We take a look at the current state of Saudi Arabian cinema and what the future holds
FAQ: Cinemas to open in Saudi Arabia
For the first time in more than 35 years, commercial cinemas in Saudi Arabia will be open to the public. The move comes as part of Crown Prince Mohammed bin Salman’s Vision 2030, which includes a range of economic and social reforms — including allowing women to drive in the kingdom as of June 2018. We take a look at the current state of Saudi Arabian cinema and what the future holds.
Why was cinema banned in Saudi?
Cinemas were banned in the 1980s as they were considered a corrupting influence and a threat to religious and cultural identity.
How have people in Saudi managed to watch films and where?
People who want to watch films in Saudi Arabia mainly do so within their homes via satellite TV, DVD or over the internet. Despite there being no cinema, Saudi has successfully hosted four film festivals. Launched by the Saudi Arabian Society for Culture and Arts, the film festival had its fourth edition in March 2017 after a hiatus of four years. In total, 59 films were screened during the festival.
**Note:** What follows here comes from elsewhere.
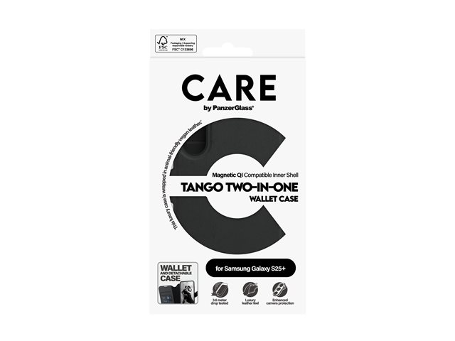 | Produktbeskrivning | CARE by PanzerGlass Tango - Vikbart fodral för mobiltelefon - två-i-ett - 100 % återvunnet polykarbonat, 35 % återvunnen polyuretan (PU), konstläder - för Samsung Galaxy S25+ |

Are there any Saudi films?
There have only been a handful of Saudi-made films, the most notable of which is Wadjda. Written and directed by Haifaa Al Mansour, it was selected as the Saudi Arabian entry for the Best Foreign Language Film at the Oscars in 2013. It was the first film to be shot entirely in Saudi Arabia.
Wajda tells the story of a young girl who longs to ride a bike but is trapped by the conservatism of the neighbourhood and her country.
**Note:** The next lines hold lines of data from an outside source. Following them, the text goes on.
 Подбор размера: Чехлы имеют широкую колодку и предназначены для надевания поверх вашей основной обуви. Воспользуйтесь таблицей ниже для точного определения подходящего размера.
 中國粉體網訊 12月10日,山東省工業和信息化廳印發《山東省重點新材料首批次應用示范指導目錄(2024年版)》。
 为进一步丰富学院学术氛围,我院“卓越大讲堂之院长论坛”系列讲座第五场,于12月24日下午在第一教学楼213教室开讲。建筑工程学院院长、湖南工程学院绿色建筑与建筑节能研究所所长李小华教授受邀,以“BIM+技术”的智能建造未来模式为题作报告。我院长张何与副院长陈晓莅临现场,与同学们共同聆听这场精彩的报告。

Another film of note was Barakah Yoqabil Barakah, which was entered as Saudi Arabia's choice for the Oscar Awards in 2017. The comedy, directed and written by Mahmoud Sabbagh, tells the tale of a romance between a middle-class man and a woman from a wealthy family. It was the first Saudi film to debut on Netflix.
When will cinemas in Saudi open?
The first movie theatres are slated to open in March 2018. There are plans to have more than 2,000 screens up and running by 2030.
What are the knock-on effects?
The move to open cinemas in Saudi could affect tourism for the UAE and Bahrain, a concept explored in Saudi Arabian documentary film Cinema 500km. Directed by Abdullah Al Eyaf, the film tells the story a 21-year-old Saudi film fan who has to travel 500 kilometres to Bahrain for his first cinema experience.
In 2012, the mayor of Riyadh, Prince Abdulaziz bin Ayyaf, told The National that a surprisingly large number of tourists visited the UAE from Saudi solely to attend the cinema.
“About 230,000 tourists from the kingdom went to the United Arab Emirates in the summer of 2010 simply for the sake of watching movies,” said the mayor earlier this year, in a comment that was jumped on by those pushing for further liberalisation in a country where cinemas have been banned since the 1970s. “It shows that cinemas in the kingdom have become important,” he added.